【雕爷学编程】Arduino动手做（149）---MAX9814咪头传感器模块5

/*
  【Arduino】168种传感器模块系列实验（资料代码 +图形编程 +仿真编程）
  实验一百四十六：64位WS2812B 8 * 8 xRGB 5050 LED模块 ws2812s像素点阵屏
  项目四十一：六十四位音乐频谱灯十六位音乐反应动态频谱灯
*/

#include "FastLED.h"

#define OCTAVE 1 //   // Group buckets into octaves  (use the log output function LOG_OUT 1)
#define OCT_NORM 0 // Don't normalise octave intensities by number of bins
#define FHT_N 256 // set to 256 point fht
#include <FHT.h> // include the library
//int noise[] = {204,188,68,73,150,98,88,68}; // noise level determined by playing pink noise and seeing levels [trial and error]{204,188,68,73,150,98,88,68}


// int noise[] = {204,190,108,85,65,65,55,60}; // noise for mega adk
int noise[] = {204, 195, 100, 90, 85, 80, 75, 75}; // noise for NANO
//int noise[] = {204,198,100,85,85,80,80,80};
float noise_fact[] = {15, 7, 1.5, 1, 1.2, 1.4, 1.7, 3}; // noise level determined by playing pink noise and seeing levels [trial and error]{204,188,68,73,150,98,88,68}
float noise_fact_adj[] = {15, 7, 1.5, 1, 1.2, 1.4, 1.7, 3}; // noise level determined by playing pink noise and seeing levels [trial and error]{204,188,68,73,150,98,88,68}


#define LED_PIN     6
#define LED_TYPE    WS2812
#define COLOR_ORDER GRB


// Params for width and height
const uint8_t kMatrixWidth = 8;
const uint8_t kMatrixHeight = 8;//----------was 27
//#define NUM_LEDS (kMatrixWidth * kMatrixHeight)
#define NUM_LEDS    64

CRGB leds[NUM_LEDS];

int counter2 = 0;



void setup() {
  Serial.begin(9600);
  delay(1000);
  FastLED.addLeds<LED_TYPE, LED_PIN, COLOR_ORDER>(leds, NUM_LEDS).setCorrection( TypicalLEDStrip );

  FastLED.setBrightness (33);
  fill_solid(leds, NUM_LEDS, CRGB::Black);
  FastLED.show();
  // TIMSK0 = 0; // turn off timer0 for lower jitter
  ADCSRA = 0xe5; // set the adc to free running mode
  ADMUX = 0x40; // use adc0
  DIDR0 = 0x01; // turn off the digital input for adc0

}




void loop() {
  int prev_j[8];
  int beat = 0;
  int prev_oct_j;
  int counter = 0;
  int prev_beat = 0;
  int led_index = 0;
  int saturation = 0;
  int saturation_prev = 0;
  int brightness = 0;
  int brightness_prev = 0;

  while (1) { // reduces jitter

    cli();  // UDRE interrupt slows this way down on arduino1.0

    for (int i = 0 ; i < FHT_N ; i++) { // save 256 samples
      while (!(ADCSRA & 0x10)); // wait for adc to be ready
      ADCSRA = 0xf5; // restart adc
      byte m = ADCL; // fetch adc data
      byte j = ADCH;
      int k = (j << 8) | m; // form into an int
      k -= 0x0200; // form into a signed int
      k <<= 6; // form into a 16b signed int
      fht_input[i] = k; // put real data into bins
    }
    fht_window(); // window the data for better frequency response
    fht_reorder(); // reorder the data before doing the fht
    fht_run(); // process the data in the fht
    fht_mag_octave(); // take the output of the fht  fht_mag_log()
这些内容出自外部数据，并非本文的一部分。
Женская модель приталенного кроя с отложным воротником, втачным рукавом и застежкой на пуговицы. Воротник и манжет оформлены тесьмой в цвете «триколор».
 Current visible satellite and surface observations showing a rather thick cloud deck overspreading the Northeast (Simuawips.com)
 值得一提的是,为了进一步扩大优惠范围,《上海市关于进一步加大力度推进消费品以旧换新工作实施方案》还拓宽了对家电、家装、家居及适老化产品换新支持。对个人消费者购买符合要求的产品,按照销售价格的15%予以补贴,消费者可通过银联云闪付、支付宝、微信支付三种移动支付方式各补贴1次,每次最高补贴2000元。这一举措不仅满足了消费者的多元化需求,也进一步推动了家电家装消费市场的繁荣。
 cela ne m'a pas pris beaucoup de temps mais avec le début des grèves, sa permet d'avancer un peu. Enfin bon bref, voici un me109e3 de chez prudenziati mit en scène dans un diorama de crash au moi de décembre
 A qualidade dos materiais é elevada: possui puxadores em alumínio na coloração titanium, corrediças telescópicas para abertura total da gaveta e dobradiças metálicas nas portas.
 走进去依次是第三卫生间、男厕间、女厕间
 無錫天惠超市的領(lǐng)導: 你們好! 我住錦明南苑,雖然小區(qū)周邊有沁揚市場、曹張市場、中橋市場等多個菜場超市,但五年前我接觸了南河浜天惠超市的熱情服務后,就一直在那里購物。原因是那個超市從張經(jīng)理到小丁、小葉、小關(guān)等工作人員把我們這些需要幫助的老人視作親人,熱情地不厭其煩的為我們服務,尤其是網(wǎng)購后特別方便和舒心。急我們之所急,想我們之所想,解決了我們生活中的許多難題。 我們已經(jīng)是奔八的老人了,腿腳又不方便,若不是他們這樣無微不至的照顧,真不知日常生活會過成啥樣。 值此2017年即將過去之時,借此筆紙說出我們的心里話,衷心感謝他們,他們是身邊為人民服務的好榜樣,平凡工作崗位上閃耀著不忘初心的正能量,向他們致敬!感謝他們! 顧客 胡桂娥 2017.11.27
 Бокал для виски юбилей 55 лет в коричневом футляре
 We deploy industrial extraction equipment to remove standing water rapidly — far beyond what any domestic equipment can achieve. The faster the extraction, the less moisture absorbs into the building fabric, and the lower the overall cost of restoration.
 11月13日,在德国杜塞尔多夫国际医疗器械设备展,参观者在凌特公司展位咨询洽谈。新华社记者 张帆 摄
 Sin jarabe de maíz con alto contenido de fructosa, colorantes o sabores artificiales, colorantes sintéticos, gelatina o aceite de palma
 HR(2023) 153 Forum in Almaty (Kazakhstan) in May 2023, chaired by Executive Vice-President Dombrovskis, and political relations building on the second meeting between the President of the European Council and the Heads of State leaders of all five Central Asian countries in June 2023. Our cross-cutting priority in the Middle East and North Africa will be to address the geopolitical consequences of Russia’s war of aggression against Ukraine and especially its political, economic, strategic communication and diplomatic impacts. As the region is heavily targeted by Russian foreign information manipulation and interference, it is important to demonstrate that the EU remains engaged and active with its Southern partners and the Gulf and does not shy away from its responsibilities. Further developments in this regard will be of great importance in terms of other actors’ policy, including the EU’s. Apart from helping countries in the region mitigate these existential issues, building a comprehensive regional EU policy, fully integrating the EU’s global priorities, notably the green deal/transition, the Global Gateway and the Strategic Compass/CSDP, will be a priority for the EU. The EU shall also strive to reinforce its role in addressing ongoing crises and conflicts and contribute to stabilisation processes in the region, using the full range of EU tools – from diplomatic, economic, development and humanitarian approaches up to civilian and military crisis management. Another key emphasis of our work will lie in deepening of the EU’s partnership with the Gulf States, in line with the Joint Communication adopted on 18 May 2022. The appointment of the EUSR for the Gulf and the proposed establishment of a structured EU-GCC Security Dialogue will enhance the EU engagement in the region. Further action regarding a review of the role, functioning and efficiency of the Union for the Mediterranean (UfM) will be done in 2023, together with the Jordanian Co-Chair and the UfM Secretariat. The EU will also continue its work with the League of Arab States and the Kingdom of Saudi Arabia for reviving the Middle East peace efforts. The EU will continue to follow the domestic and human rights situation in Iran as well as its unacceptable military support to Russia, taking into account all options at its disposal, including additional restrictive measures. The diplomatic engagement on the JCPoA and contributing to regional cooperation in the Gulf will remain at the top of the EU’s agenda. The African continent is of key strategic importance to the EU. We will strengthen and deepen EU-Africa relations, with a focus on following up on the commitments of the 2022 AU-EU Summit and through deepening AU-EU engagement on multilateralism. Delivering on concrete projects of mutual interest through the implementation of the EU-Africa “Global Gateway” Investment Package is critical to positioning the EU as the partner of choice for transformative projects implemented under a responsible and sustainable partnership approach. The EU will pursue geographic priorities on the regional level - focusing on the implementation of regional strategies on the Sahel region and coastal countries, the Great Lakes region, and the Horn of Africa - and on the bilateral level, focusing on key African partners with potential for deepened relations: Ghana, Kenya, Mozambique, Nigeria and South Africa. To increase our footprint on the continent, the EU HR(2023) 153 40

    // every 50th loop, adjust the volume accourding to the value on A2 (Pot)
    if (counter >= 50) {
      ADMUX = 0x40 | (1 & 0x07); // set admux to look at Analogpin A1 - Master Volume


      while (!(ADCSRA & 0x10)); // wait for adc to be ready
      ADCSRA = 0xf5; // restart adc
      delay(10);
      while (!(ADCSRA & 0x10)); // wait for adc to be ready
      ADCSRA = 0xf5; // restart adc
      byte m = ADCL; // fetch adc data
      byte j = ADCH;
      int k = (j << 8) | m; // form into an int
      float master_volume = (k + 0.1) / 1000 + .75; // so the valu will be between ~0.5 and 1.---------------------+.75 was .5
      Serial.println (master_volume);


      for (int i = 1; i < 8; i++) {
        noise_fact_adj[i] = noise_fact[i] * master_volume;
      }

      ADMUX = 0x40 | (0 & 0x07); // set admux back to look at A0 analog pin (to read the microphone input
      counter = 0;
    }

    sei();
    counter++;


    // End of Fourier Transform code - output is stored in fht_oct_out[i].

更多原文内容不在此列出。